■ Assigned task
Reproduce word for word the lines of the listing from the first one through the one with "Льняные брюки мужские хаки Arber", omitting every picture.

■ Records
****

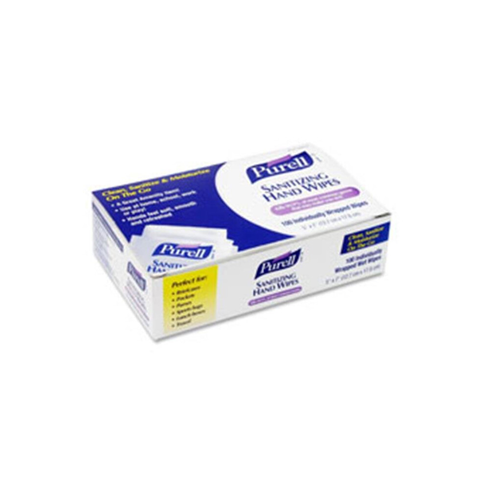 Purell 9022-10BX Premoistened Sanitizing Hand Wipes- 5 x 7- 100/Box
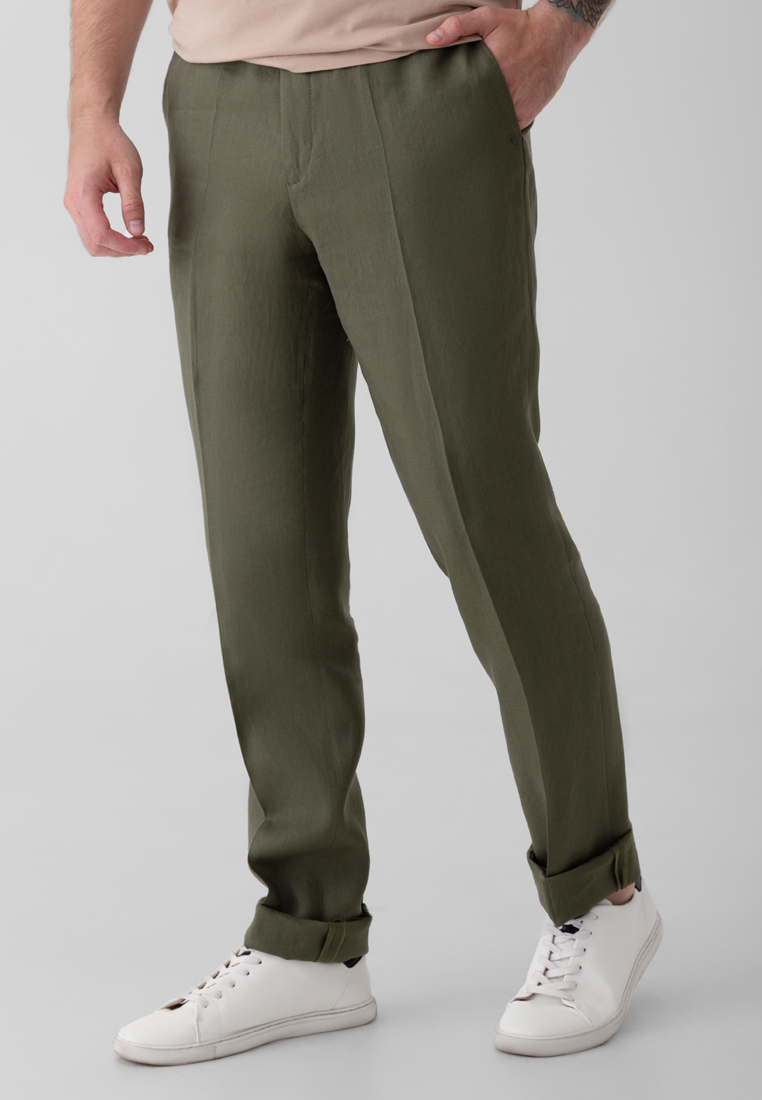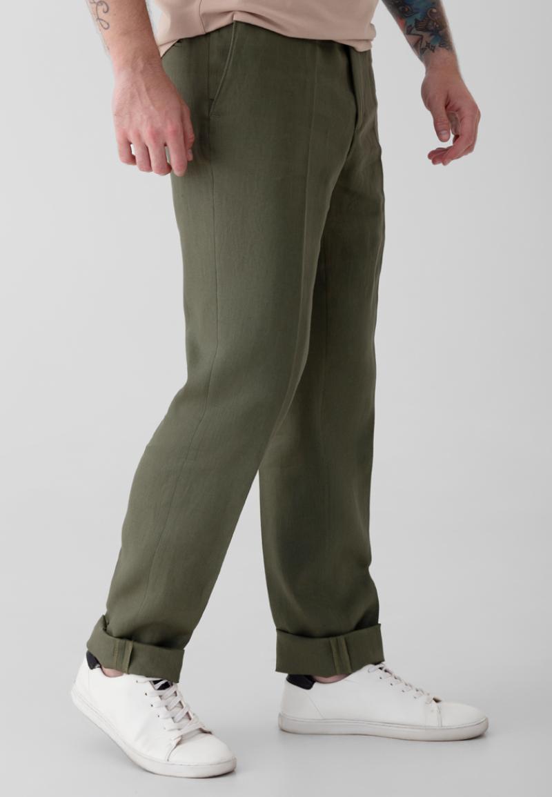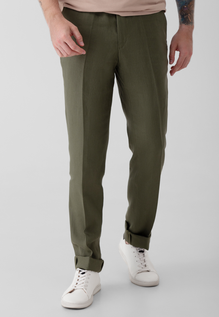 Льняные брюки мужские хаки Arber
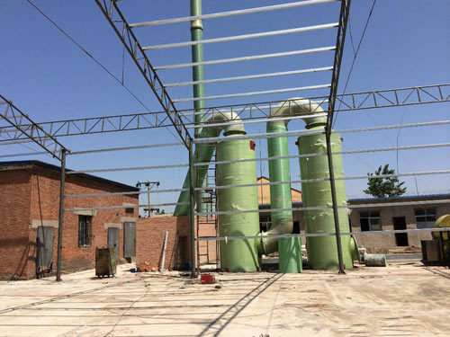 本裝置采用氫氧化鈉溶液為吸收中和液來(lái)凈化廢氣。氣體由離心通風(fēng)機(jī)壓入或吸入進(jìn)風(fēng)段,再向上流動(dòng),至第一級(jí)填料層,與第一級(jí)噴嘴噴出的中和液接觸反應(yīng)。吸收后的廢氣繼續(xù)向上流動(dòng)至第二級(jí)填料層,與第二級(jí)噴嘴噴出的中和液接觸,再次發(fā)生中和反應(yīng),根據(jù)廢氣各項(xiàng)指標(biāo),還可以加裝第三級(jí)填料及噴淋裝置,凈化達(dá)標(biāo)后的氣體通過(guò)除霧器排入大氣中。
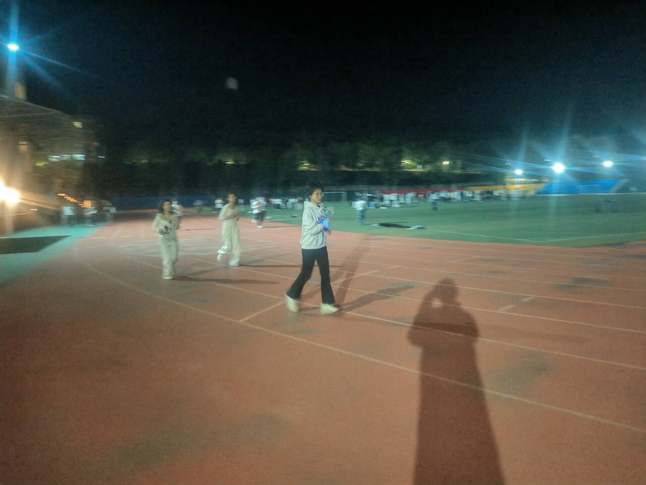 参与学生陆续抵达并签到后,工作人员为其发放荧光手环,并带领同学们进行充分的热身运动,为夜跑做好准备。准备完毕后,主持人向全体参与者详细阐述了本次荧光夜跑的活动宗旨,重点说明了夜跑路线安排及安全规范要求,特别提醒同学们始终将人身安全置于首位,若在跑步过程中出现任何身体不适,应立即向现场医疗保障人员寻求帮助。活动正式开始后,同学们按照既定路线有序开跑,每位同学都精神饱满、步伐矫健,在跑道上尽情挥洒汗水。夜色中,点点荧光连成流动的光带,展现出山大学子的青春活力。活动过程中,大家相互鼓励、并肩奔跑,展现出团结友爱的集体氛围。
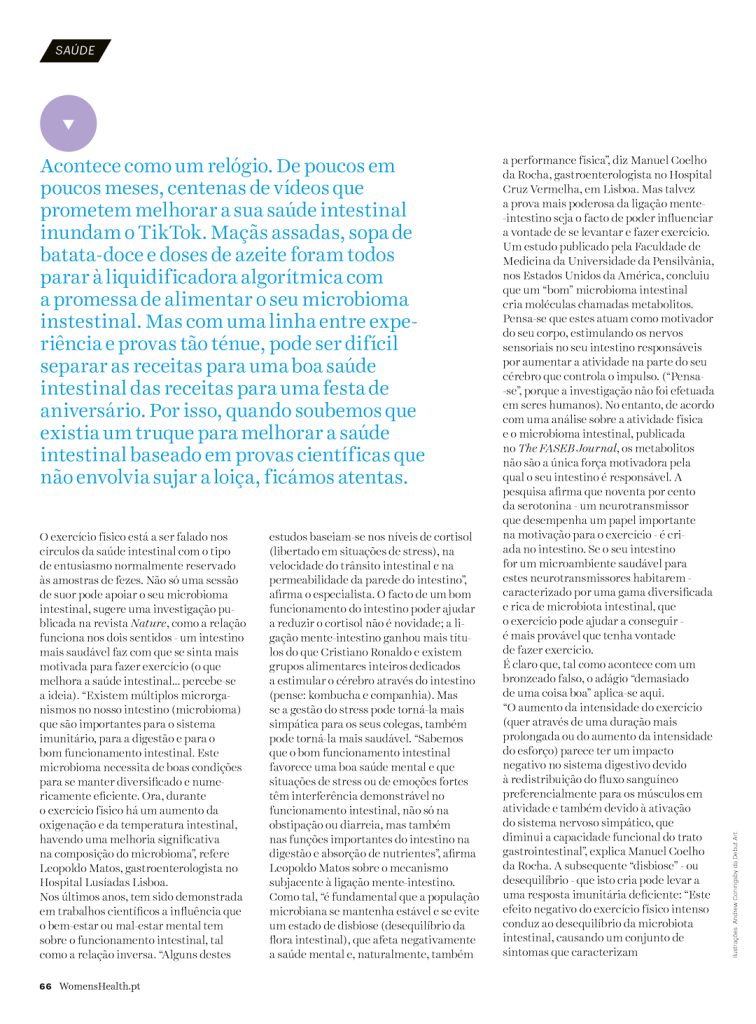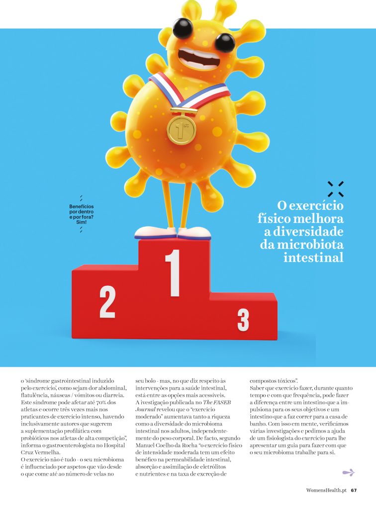 O fisiologia do exercício Hugo Pombo, participou num artigo para a revista Women’s Health, onde abordou o tema sobre a relação entre saúde intestinal e a motivação para fazer exercício físico.
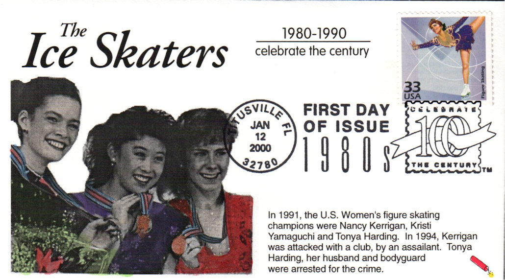 #3190e Figure Skating - Celebrate the Century first day cover by Dynamite Covers. The left corners are creased. Postmark State: FL City: Titusville Year: 2000 Month: 1 Day: 12Seller Information

****

■ Exercise response
 Purell 9022-10BX Premoistened Sanitizing Hand Wipes- 5 x 7- 100/Box
 Льняные брюки мужские хаки Arber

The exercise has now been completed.